Studio: Cleaning Data
Getting Started
For this week’s studio, you will be continuing your work on the same spreadsheet you practiced with in the Exercises: Cleaning Data section and working with a partner.
After spending some time identifying parts of the dataset that need to be cleaned we can begin restructuring our spreadsheet. Some things that were identified during the exercises are as follows:
- Missing data
- Invalid email addresses
- Outliers within the
transaction_total
column - Unnecessary and redundant data that can be purged
The primary reason for analyzing this data is to better understand what each user is spending based on current employer and location. Keep this in mind as you begin to work through the prompts below and make decisions related to your dataset.
Handle Missing Data and Outliers
Looking at the missing data and think about the following before you consider any action steps:
- Should the entire row of data be removed if it only contains one piece of missing data?
- Are there any value types that can be imputed based on existing values?
- Are there any values that can be replaced?
Let us begin by removing rows with missing data that you have decided are not worth keeping.

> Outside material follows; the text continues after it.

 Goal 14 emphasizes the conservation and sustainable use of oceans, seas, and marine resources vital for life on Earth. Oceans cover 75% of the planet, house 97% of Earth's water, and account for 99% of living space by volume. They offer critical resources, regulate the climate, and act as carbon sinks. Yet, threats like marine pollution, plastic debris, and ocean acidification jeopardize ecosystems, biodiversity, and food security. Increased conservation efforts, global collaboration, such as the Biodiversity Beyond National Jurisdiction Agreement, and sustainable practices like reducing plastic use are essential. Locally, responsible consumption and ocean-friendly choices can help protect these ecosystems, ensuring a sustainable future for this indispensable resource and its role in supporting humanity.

Create a filter for your spreadsheet. You can do so by clicking the top-left corner of your spreadsheet, clicking on
Data
>Create a filter
.Consider the interquartile range:
- What values within the
transaction_total
column should be considered outliers and removed fromthe dataset?- Is there any action that can be taken to adjust these values? Consider revisiting the Summary Statistics with Google Sheets section.

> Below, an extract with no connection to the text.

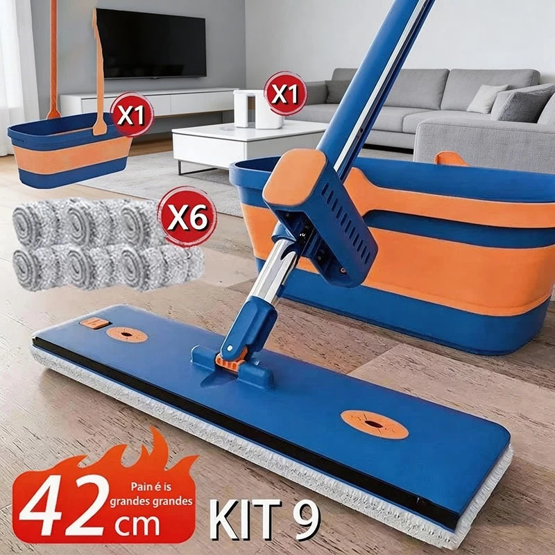 DIMENSÕES: - Esfregão: 130cm (altura) x 42cm (largura da cabeça) - Balde: 52x45cm (desmontado) → 6cm (dobrado) CONTEÚDO DO KIT: - 1x Esfregão profissional - 1x Balde com raspador automático - 1x Suporte organizador - 6x Refis de microfibra (azul) POR QUE ESCOLHER? - Economiza tempo - Limpeza 3x mais rápida - Higiênico - Sem contato com água suja - Perfeito para: Apartamentos, pets, escritórios Se você busca mais praticidade na Limpeza de sua casa o Mop Kit De Limpeza é a opção ideal! Ele vai substituir a vassoura, o rodo e o pano de chão na hora da limpeza. O Balde FLAT MOP pode ser usado em qualquer lugar, em portas, janelas, móveis, escadas sem se preocupar com riscos ou manchas. Graças a seu refil de microfibra que absorve a água e a sujeira muito mais rápido e com muito mais facilidade, possui MOP giratório 360° super eficiente permitindo alcançar os lugares mais difíceis. Possuí o Inovador sistema de vazão de água individual (separando a água suja da agua limpa) assim quando finalizar é só abrir a rolha do reservatório para dispensar a agua suja! Muito mais prático! DESTAQUES PRINCIPAIS: - Sistema Tudo-em-1 - Balde dobrável + esfregão + 6 panos de reposição - Tecnologia Hands-Free - Raspador integrado (não precisa torcer com as mãos) - Microfibra Premium - Remove 99% da sujeira (seco/úmido) - Compacto e Portátil - Balde reduz para apenas 6cm de altura - Alcance Ampliado - Cabo de 130cm (evita dores nas costas) Característica do Característica do Característica: 1.A almofada lavável apresenta função extra absorvente para remover o excesso de água sem estrias, secagem rápida para proteger os pisos de madeira. 2.O esfregão de piso plano de lavagem de substituição é lavável e reutilizável, mais ecológico, não mais desperdiça mais 3.Com conjunto de asa auto limpador, mantenha a máquina de lavar longe das almofadas sujas, que querem desperdiçar água em uma pequena carga apenas para lavá-las? 4.Facilidade de limpeza de qualquer superfície: pisos laminados, pisos de madeira duro, azulejo, viny, baseboards, paredes e tetos. 5.Nunca se preocupe com os derramamentos, ou animais esportivos, diga adeus a todas as bagunças deslumbrantes: As mãos ficam livres de tocar na água e almofadas sujas. ⚠️ OBSERVAÇÕES: - Cores podem variar levemente devido à iluminação - Dimensões aproximadas (variação de 1-2cm) #mop#limpeza#kitlimpeza#esfregão#moplazymop#limpezafácil#mop360#balderaspador#limpezaseca#limpezamolhada#mopmaoslivres#p

Remove Unnecessary and Redundant Data
Is there any other redundant or duplicated data within the spreadsheet? Knowing that email addresses must be unique by nature, check to see if there are any duplicates within column C. You can do so by applying conditional formatting and using a COUNTIF
formula like so: =COUNTIF(C:C,C2)>1
. This will check to see if there is more than one occurence within the column.
- After you have identified whether or not there is duplicate emails, decide on a strategy to remove them from the dataset.
Discuss with your partner on other columns you think can be removed. If there are any columns that you decide are worth dropping consider what to do with the data: - Do you remove it compeltely? - Should you store it another location for future reference?
Filter out Inconsistencies
- Hide or remove all rows that contain invalid emails. This includes emails that start with an
@
sign and emails that do not have an@
sign. - Consider capitalization of names, employers, and locations:
- Should they be left alone?
- Would it be worthwhile to convert all values to lowercase?
Submitting Your Work
When finished make sure to save your changes and add your spreadsheet to your google drive.
Copy the link to your spreadsheet and paste it into the submission box in Canvas for Studio: Cleaning Data and click Submit.